# [PROBLEM TO WORK ON]
Only the lines from the one that contains "U.S. creative agency" through the last line of the data below should be duplicated, exactly and without pictures.

THE DATA START

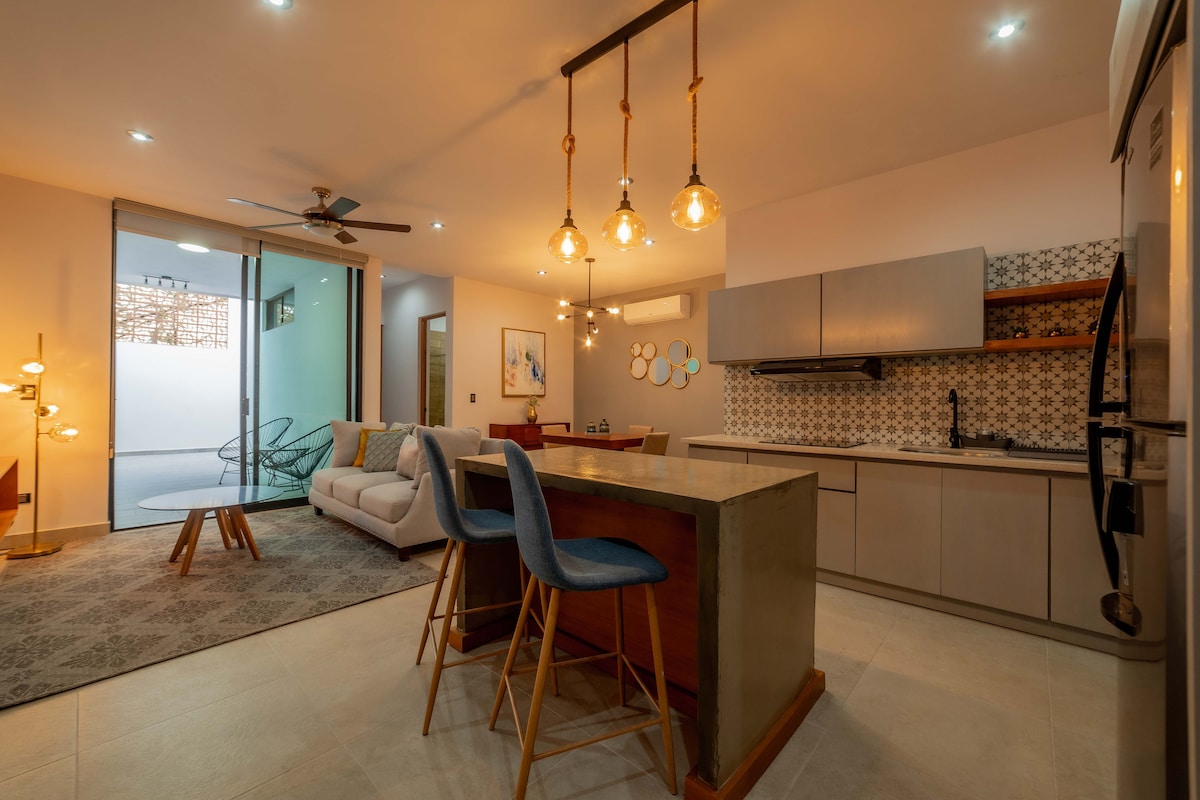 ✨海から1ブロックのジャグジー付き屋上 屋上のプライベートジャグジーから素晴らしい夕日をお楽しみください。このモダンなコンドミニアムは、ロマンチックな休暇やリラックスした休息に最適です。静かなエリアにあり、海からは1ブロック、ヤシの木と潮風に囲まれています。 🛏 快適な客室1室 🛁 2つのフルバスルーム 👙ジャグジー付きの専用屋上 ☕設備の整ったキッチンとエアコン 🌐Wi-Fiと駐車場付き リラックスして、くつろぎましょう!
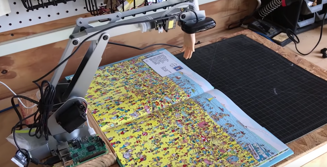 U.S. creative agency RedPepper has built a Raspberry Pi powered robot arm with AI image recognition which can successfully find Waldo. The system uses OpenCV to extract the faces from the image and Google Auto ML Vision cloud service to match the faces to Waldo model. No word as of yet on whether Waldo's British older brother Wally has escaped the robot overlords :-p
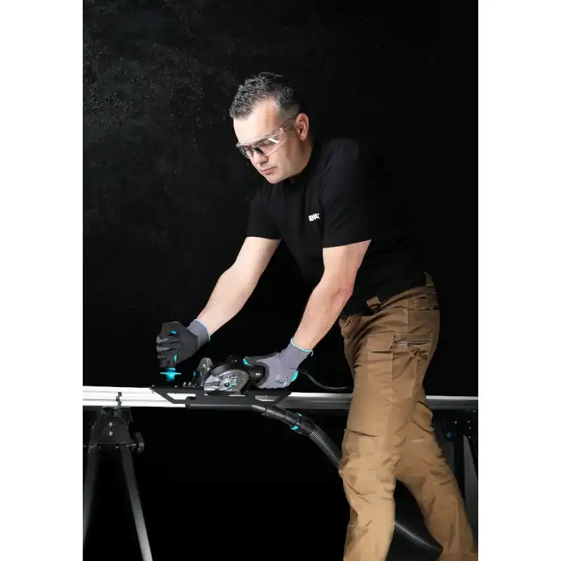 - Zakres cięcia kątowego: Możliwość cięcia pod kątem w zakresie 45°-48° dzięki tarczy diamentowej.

THE DATA END

# [ANSWER SPACE]
 U.S. creative agency RedPepper has built a Raspberry Pi powered robot arm with AI image recognition which can successfully find Waldo. The system uses OpenCV to extract the faces from the image and Google Auto ML Vision cloud service to match the faces to Waldo model. No word as of yet on whether Waldo's British older brother Wally has escaped the robot overlords :-p
 - Zakres cięcia kątowego: Możliwość cięcia pod kątem w zakresie 45°-48° dzięki tarczy diamentowej.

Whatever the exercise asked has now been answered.